What if Chris Larabee and Vin Tanner were unknowingly...

Brothers

(Variation Two)

by Sevenstars

Old West Alternate Universe


Chris blinked rapidly, frowning in puzzlement. "Thought I heard...where am I? What happened?"

"You're in Four Corners--remember? In Nathan's clinic?--Don't move, now," and a strong hand came down on his shoulder. "You took a bullet in the back and he wants to take a look at you and ask you some of them questions of his."

The memories of twenty years past shredded like torn scarves as the newer picture of Vin, about to be spirited out of town at the point of a bounty hunter's gun, shocked back into Chris's mind, jolting him emotionally and physically. "You--that hunter--"

"It's all right, cowboy," Vin assured him, his drawl at once gentle and passionate. "Buck killed him. Undertaker put him in the ground this mornin'. You saved my neck again. Now settle down, a'right? I gotta find Nathan and tell him you're awake, but I don't wanta leave if you ain't gonna lay still. You do that for me?"

To his discomfiture Chris found that even the reflexive surge of nervous energy had left him breathless and drained. "Yeah," he gasped, "all right, I'll lay still."

Vin seemed content with that, and he rose and went out, moving more quickly than Chris usually saw him do except in emergencies. The gunfighter willed himself to be still and thought about what had just happened. It can't be. Can it?

/But he's about the right age, and he's got Emma's coloring--is that why I felt like I'd seen him before, that first day? And he's from Texas--she left California with a Ranger, or at least on the same stage as one. What would it be from Frisco to Texas? Eight, nine days? Long enough to fall in love, even if they hadn't met before that, which likely they did; why would she bother to go to Texas, a woman alone, with no family there? She'd have been a lot likelier to find work in the city, if she didn't want to go home to her folks. Hell, it didn't take Sarah and me no longer. We knew within five, it was mostly Hank bein' so damn obstinate that kept us from admittin' it to ourselves, or each other.

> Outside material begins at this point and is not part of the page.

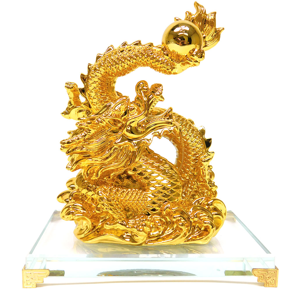 Description: 8″ X 5″ X 6.5″ GOLD DRAGON ON CRYSTAL BASE

/Emma dropped her first name to make it harder for Pa to find her, why couldn't she done the same with her son? Vin, for Vincent...she might've taken the Ranger's family name, lived with him as his wife...easier to tell the boy he was a Tanner than try to explain why she'd run off from his real pa...anyhow she might've resented Pa so much she didn't wanta be reminded of him.

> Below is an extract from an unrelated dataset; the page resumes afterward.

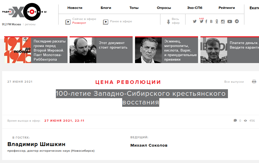 29 июня 202127 июня 2021 г. на радиостанции «Эхо Москвы» вышел очередной выпуск программы «Цена революции», посвященный Западно-Сибирскому восстанию 1921 года.

/Hell, I'm dreamin'. It's too much of a coincidence. Couldn't happen.

/And yet JD found us without even tryin'...

Footsteps thundered on the outer stairs, and suddenly Nathan was there and the outer room was filled with Chris's compatriots--Buck with teeth flashing white in a broad grin under the black bar of his mustache, JD looking half loopy with relief, Josiah apparently carrying on a conversation with unseen personages, Ezra, his emerald eyes sparkling, lifting two fingers to his hatbrim. Nathan shut the door firmly in their faces. "Don't need no distractions from that lot," he muttered. "All right, Chris, I need you to see if you can wiggle your toes..."

*

"Well, we ain't out of the woods yet," Nathan announced. "There's some kind of damage in there, ain't no doubt. I got a notion it's a swelling--the spinal cord ain't cut; Chris can feel and move pretty good on the right side, but on the left he's got loss of sensation and muscle control and his reflexes ain't normal. That says there's likely somethin' on that side, where he took the bullet, that's puttin' pressure on the spine and compressin' the cord inside."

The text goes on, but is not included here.